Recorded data
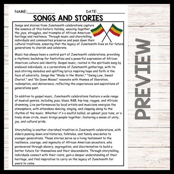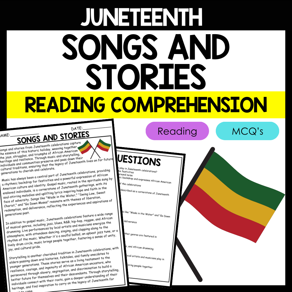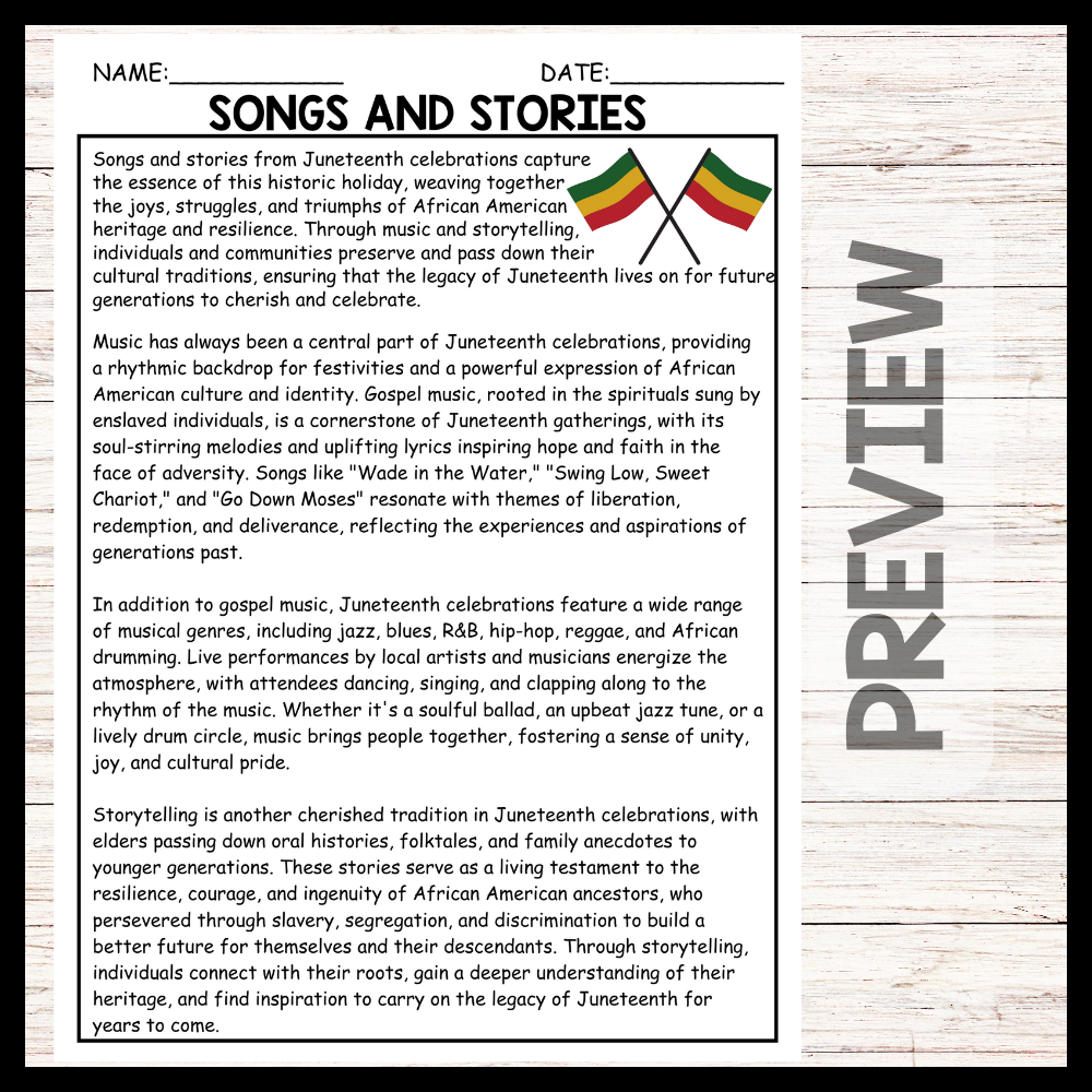 - "SONGS AND STORIES" JUNETEENTH Reading Comprehension
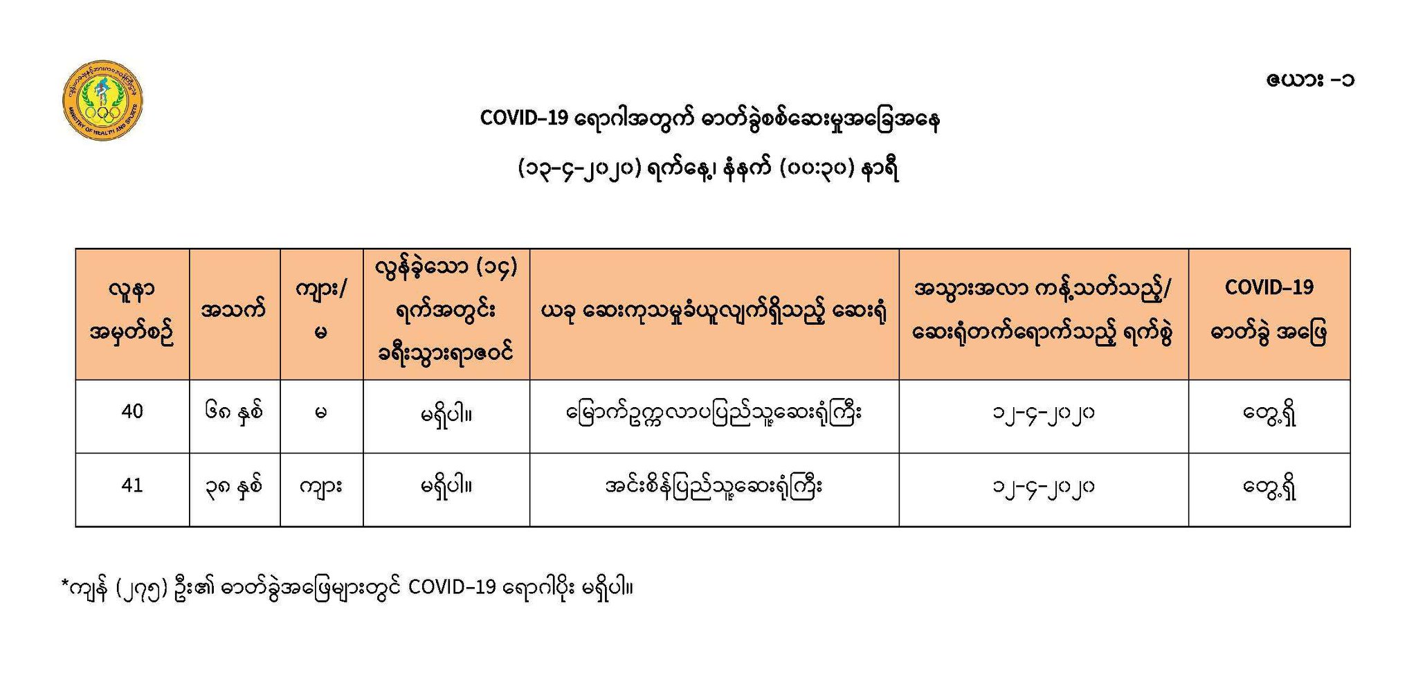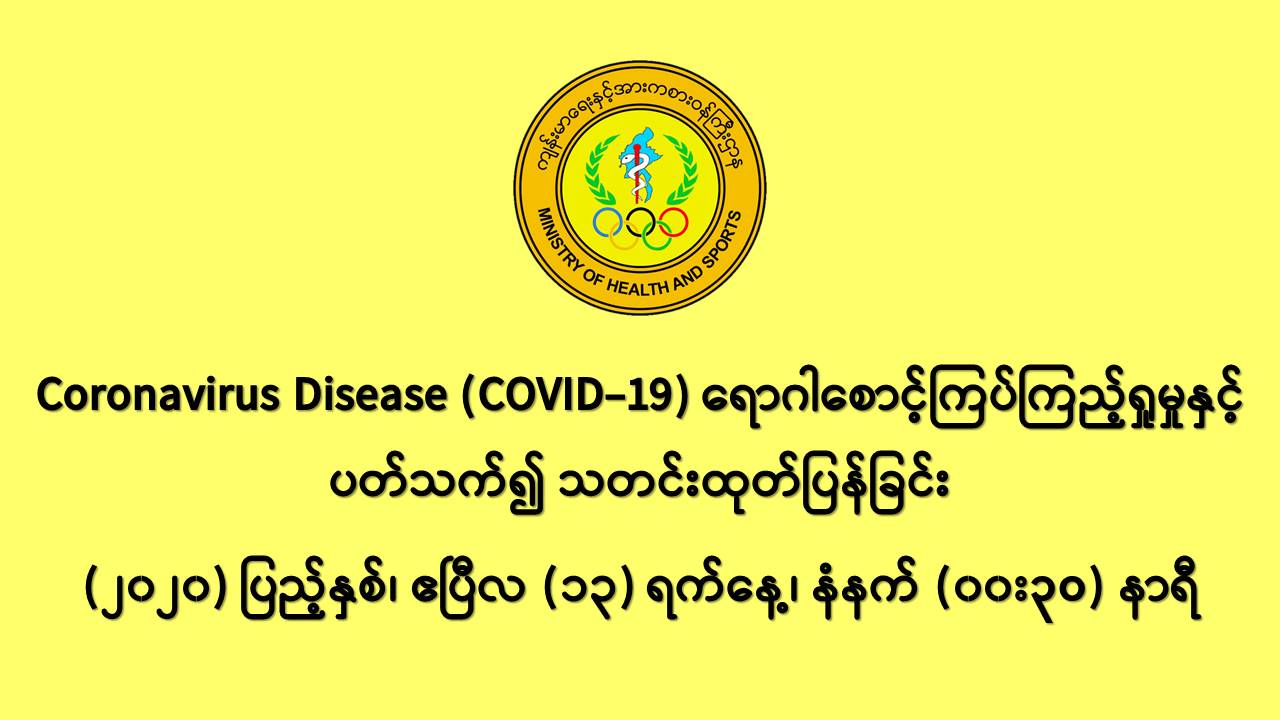 ၁။ အမျိုးသားကျန်းမာရေးဓာတ်ခွဲမှုဆိုင်ရာဌာန (ရန်ကုန်) မှ (၁၂-၄-၂၀၂၀) ရက်နေ့၊ ည ဓာတ်ခွဲစစ်ဆေးမှုများအရ စောင့်ကြည့်လူနာများ၊ ဆေးရုံများနှင့် သက်ဆိုင်ရာနေရာများတွင် အသွားအလာကန့်သတ်၍ စောင့်ကြပ်ကြည့်ရှုမှုခံနေသူများ စုစုပေါင်း (၂၇၈)ဦး၏ ဓာတ်ခွဲ နမူနာများအား စစ်ဆေးခဲ့ရာ ဇယား (၁) ၌ ဖော်ပြထားရှိသော လူနာ (၂) ဦးနှင့် (၁၂-၄-၂၀၂၀) ရက်နေ့၊ ည (၈:၀၀) နာရီသတင်းတွင် ဖော်ပြထားရှိသော လူနာ (၁) ဦး၊ စုစုပေါင်း (၃) ဦး၏ ဓာတ်ခွဲအဖြေတွင် COVID-19 ရောဂါပိုး တွေ့ရှိ (တွေ့ရှိ) ရပြီး ကျန်လူနာများနှင့် စောင့်ကြပ် ကြည့်ရှုမှုခံနေသူ (၂၇၅) ဦး၏ ဓာတ်ခွဲအဖြေများတွင် COVID-19 ရောဂါပိုး မရှိကြောင်း တွေ့ရှိ ရပါသည်။
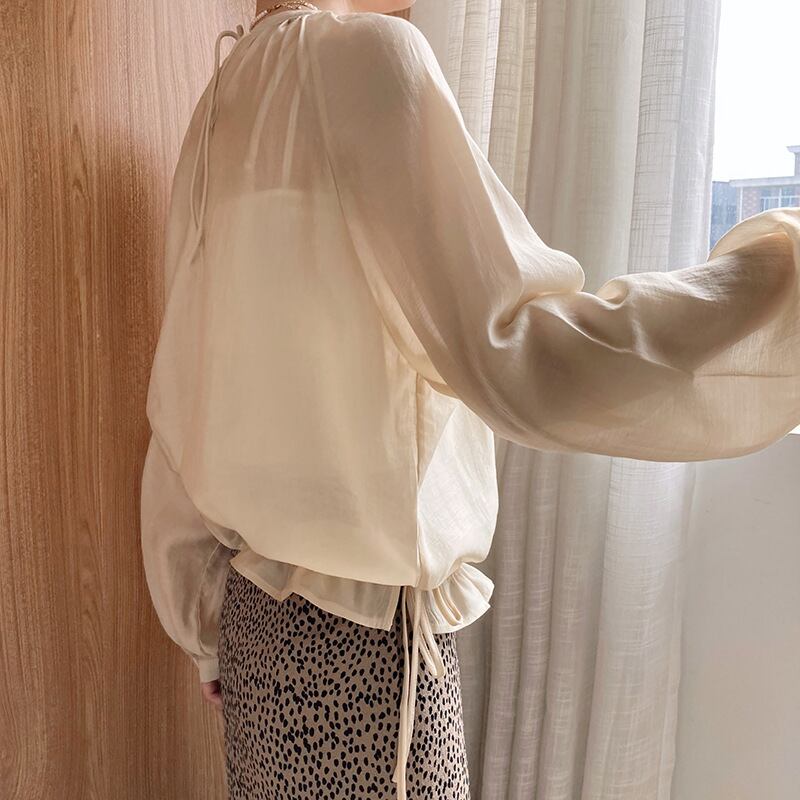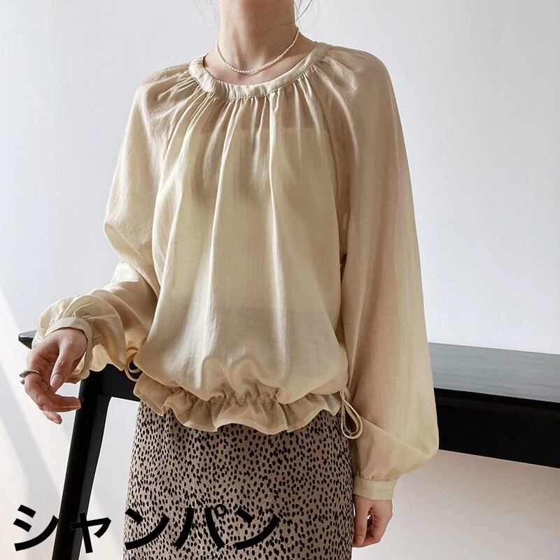 トップス ブラウス 袖あり 長袖 ボリューム袖 ラウンドネック フレア セミフレア シフォン ふわふわ 透け感 シースルー かわいい 大人可愛い きれいめ シンプル 大人 上品 おしゃれ お洒落 キュート 個性的 クール セクシー エレガント 主役級 フォーマル 抜け感 M L くすみカラー 大人カラー 無地 春 夏 結婚式 二次会 披露宴 オフィス ビジネス OL デート お出かけ パーティー 韓国 オルチャン ファッション コーデ 新作 送料無料 トレンド 流行 インスタ映え | Rena 韓国ファッション レディースアパレル
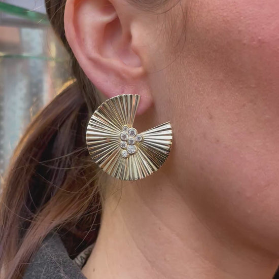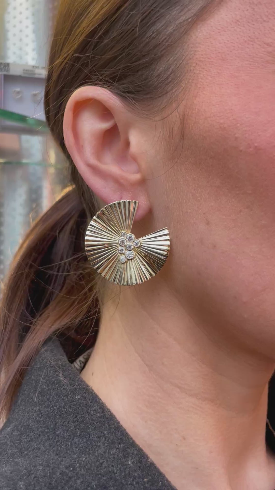Sunshine CZ Fan Stud Earrings | 925 Silver Gold Plated
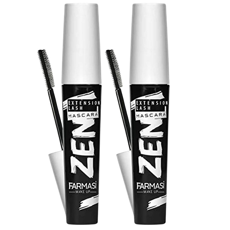 Farmasi Zen Extension Lash Mascara, Deep Black, Eyelash Volumizer with Smudge Free, No Clump, All Day Finish, Flake Resistant Makeup, Fuller Longer and Thicker Lashes, 8 mL (Double)
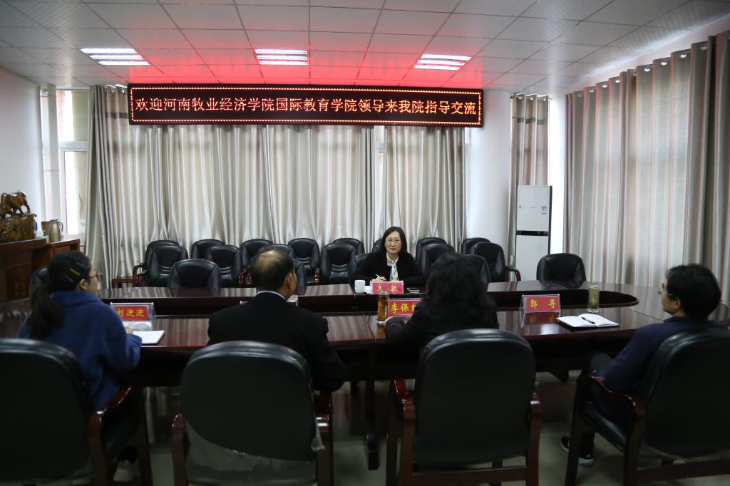 11月7日,河南牧业经济公司太阳成tyc122cc集团经理高敏来公司交流考察中外合作办学工作。太阳成tyc122cc集团经理李保红、副经理何英干及教学部、办公室负责人参加交流座谈会。会议由李保红主持。

• _Problem to work on_
What you return should match the records above word for word, minus the pictures.

• _Written response_
 - "SONGS AND STORIES" JUNETEENTH Reading Comprehension
 ၁။ အမျိုးသားကျန်းမာရေးဓာတ်ခွဲမှုဆိုင်ရာဌာန (ရန်ကုန်) မှ (၁၂-၄-၂၀၂၀) ရက်နေ့၊ ည ဓာတ်ခွဲစစ်ဆေးမှုများအရ စောင့်ကြည့်လူနာများ၊ ဆေးရုံများနှင့် သက်ဆိုင်ရာနေရာများတွင် အသွားအလာကန့်သတ်၍ စောင့်ကြပ်ကြည့်ရှုမှုခံနေသူများ စုစုပေါင်း (၂၇၈)ဦး၏ ဓာတ်ခွဲ နမူနာများအား စစ်ဆေးခဲ့ရာ ဇယား (၁) ၌ ဖော်ပြထားရှိသော လူနာ (၂) ဦးနှင့် (၁၂-၄-၂၀၂၀) ရက်နေ့၊ ည (၈:၀၀) နာရီသတင်းတွင် ဖော်ပြထားရှိသော လူနာ (၁) ဦး၊ စုစုပေါင်း (၃) ဦး၏ ဓာတ်ခွဲအဖြေတွင် COVID-19 ရောဂါပိုး တွေ့ရှိ (တွေ့ရှိ) ရပြီး ကျန်လူနာများနှင့် စောင့်ကြပ် ကြည့်ရှုမှုခံနေသူ (၂၇၅) ဦး၏ ဓာတ်ခွဲအဖြေများတွင် COVID-19 ရောဂါပိုး မရှိကြောင်း တွေ့ရှိ ရပါသည်။
 トップス ブラウス 袖あり 長袖 ボリューム袖 ラウンドネック フレア セミフレア シフォン ふわふわ 透け感 シースルー かわいい 大人可愛い きれいめ シンプル 大人 上品 おしゃれ お洒落 キュート 個性的 クール セクシー エレガント 主役級 フォーマル 抜け感 M L くすみカラー 大人カラー 無地 春 夏 結婚式 二次会 披露宴 オフィス ビジネス OL デート お出かけ パーティー 韓国 オルチャン ファッション コーデ 新作 送料無料 トレンド 流行 インスタ映え | Rena 韓国ファッション レディースアパレル
Sunshine CZ Fan Stud Earrings | 925 Silver Gold Plated
 Farmasi Zen Extension Lash Mascara, Deep Black, Eyelash Volumizer with Smudge Free, No Clump, All Day Finish, Flake Resistant Makeup, Fuller Longer and Thicker Lashes, 8 mL (Double)
 11月7日,河南牧业经济公司太阳成tyc122cc集团经理高敏来公司交流考察中外合作办学工作。太阳成tyc122cc集团经理李保红、副经理何英干及教学部、办公室负责人参加交流座谈会。会议由李保红主持。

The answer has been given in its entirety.